This repository contains data sets, results, and tutorials used in the following manuscript PLACEHOLDER.
- AMIGO
- Install AMIGO
- Tutorial on how to use AMIGO without PCSs on the LmUGP example on a Linux system
- Tutorial on how to use AMIGO with PCSs on the GTB example on a Linux system
Here you will find information on how to set up AMIGO on a Linux or Mac (Sonoma 14.1.1) system. Make sure you have installed git. If not, do so by using the follwoing command:
sudo apt-get install git
Use
git clone https://github.com/ThorbenMaa/AMIGO.git
Operate from inside the directory.
I recommend to use mamba to create environments and install dependencies. After setting up mamba or, alternatively, conda, set up the environment using:
mamba env create --name AMIGO --file=./env/AMIGO.yml
mamba activate AMIGO
or
mamba create -n AMIGO
mamba activate AMIGO
mamba install python
mamba install networkx
mamba install numpy
mamba install matplotlib
mamba install pandas
mamba install click
Operate from inside the Tutorial_no_PCSs_LmUGP folder.
If you have your own data set, make sure that the data folder contains the according noe.txt, additional_measure.txt, additional_xtal.txt, and preassignments.txt file as in the data folder. additional_measure.txt, additional_xtal.txt, and preassignments.txt are optional. However, the files have to be present.

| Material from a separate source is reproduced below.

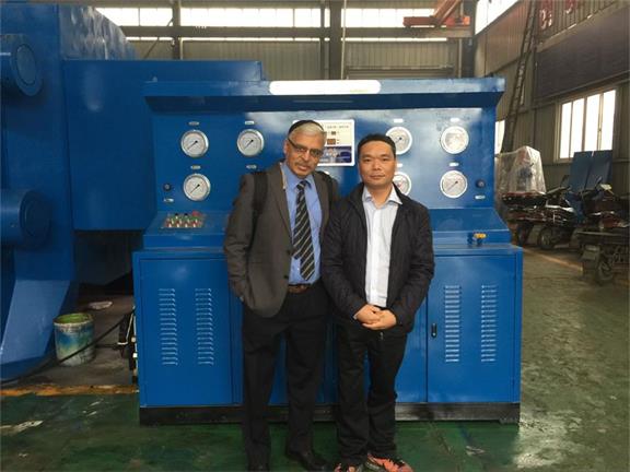 近日,印度(IVC)閥門公司INDIAN VALVE PVT.LTD總裁Mukherjee先生親自來浙江優(yōu)機機械科技有限公司驗收1月份定制的蝶閥、球閥試驗臺,這次訂購的設(shè)備是優(yōu)機公司國家專利產(chǎn)品:ZL 2014 2 0194312.6,液壓系統(tǒng)合理節(jié)能,操作人性化設(shè)計,是1月份該閥門公司技術(shù)部經(jīng)理Tomy 先生來中國實地考察各大廠家生產(chǎn)工藝及企業(yè)資質(zhì)后精心篩選確定下來的采購設(shè)備,這次采購的設(shè)備是代替IVC公司原有老式閥門測試臺主要水壓和氣壓試驗16”-32”的蝶閥和球閥。

For additional_measure.txt, additional_xtal.txt you can put a single line in there containing 0 0 0 0 0 0. preassignments.txt can be left completely empty.
Details of the noe.txt file The first column contains the amino acid type of the NOE donor, the second column contains the peak ID of the NOE donor, the third column contains the amino acid type of the NOE acceptor, the fourth column contains the peak ID of the NOE acceptor. The file must be sorted using the second column. If you have no stereospecific Leu and Val labeling, and there is more than one NOE between a Leu or Val residue and another particular residue (i.e., the proR and the proS methyl group have an NOE with to the same neighbor), use this NOE only once. E.g.:
23 LEU_proS 29 ALA
23 LEU_proR 29 ALA
would become
23 LEU 29 ALA
or
29 ALA 23 LEU_proS
29 ALA 23 LEU_proR
would become
29 ALA 23 LEU
Generate a copy of the data folder for each cut-off range you want to test. The test runs will be run with a reduced number of possible methyl walk starting points to make the calculations quick and should not be used for generating a final assignment.
cp -R data 7
cp -R data 7-5
cp -R data 8
cp -R data 8-5
cp -R data 9
cp -R data 9-5
cp -R data 10
Now adopt the run_AMIGO.sh files within the generated folders according to the example for 7 given here:
#!/bin/bash
python AMIGO_non_interactive.py \
--pdb_file 4m2a_pro.pdb \
--noe_file noe.txt \
--additional_measure_file additional_measure.txt \
--additional_xtal_file additional_xtal.txt \
--preassignments_file preassignments.txt \
--min_met 3 \
--max_met 7 \
--step_met 0.2 \
--min_ile 3 \
--max_ile 7 \
--step_ile 0.2 \
--min_leu 3 \
--max_leu 7 \
--step_leu 0.2 \
--min_val 3 \
--max_val 7 \
--step_val 0.2 \
--min_ala 3 \
--max_ala 7 \
--step_ala 0.2 \
--min_thr 3 \
--max_thr 7 \
--step_thr 0.2 \
--weight_noe 1 \
--weight_additional_resraint1 0 \
--weight_additional_resraint2 0 \
--weight_additional_resraint3 0 \
--weight_additional_resraint4 0 \
--percentage_starting_points 0.1 \
--val_scheme proS \
--leu_scheme proS
For the other folders (7-5, 8, 8-5, ...) change the maximal cut-off distance parameters accordingly, too (e.g., for 10 use max_met 10, max_ile 10, max_leu 10, ...). Make also sure to set percentage_starting_points to 0.1 and to choose the right labeling scheme for val and leu. If you have racemic mixtures use both. If you have proR labeling use proR. If you haven't labeled a particular amino acid type, e.g., THR, use 0, 0, 1 for min_thr, max_thr, and step_thr, respectively.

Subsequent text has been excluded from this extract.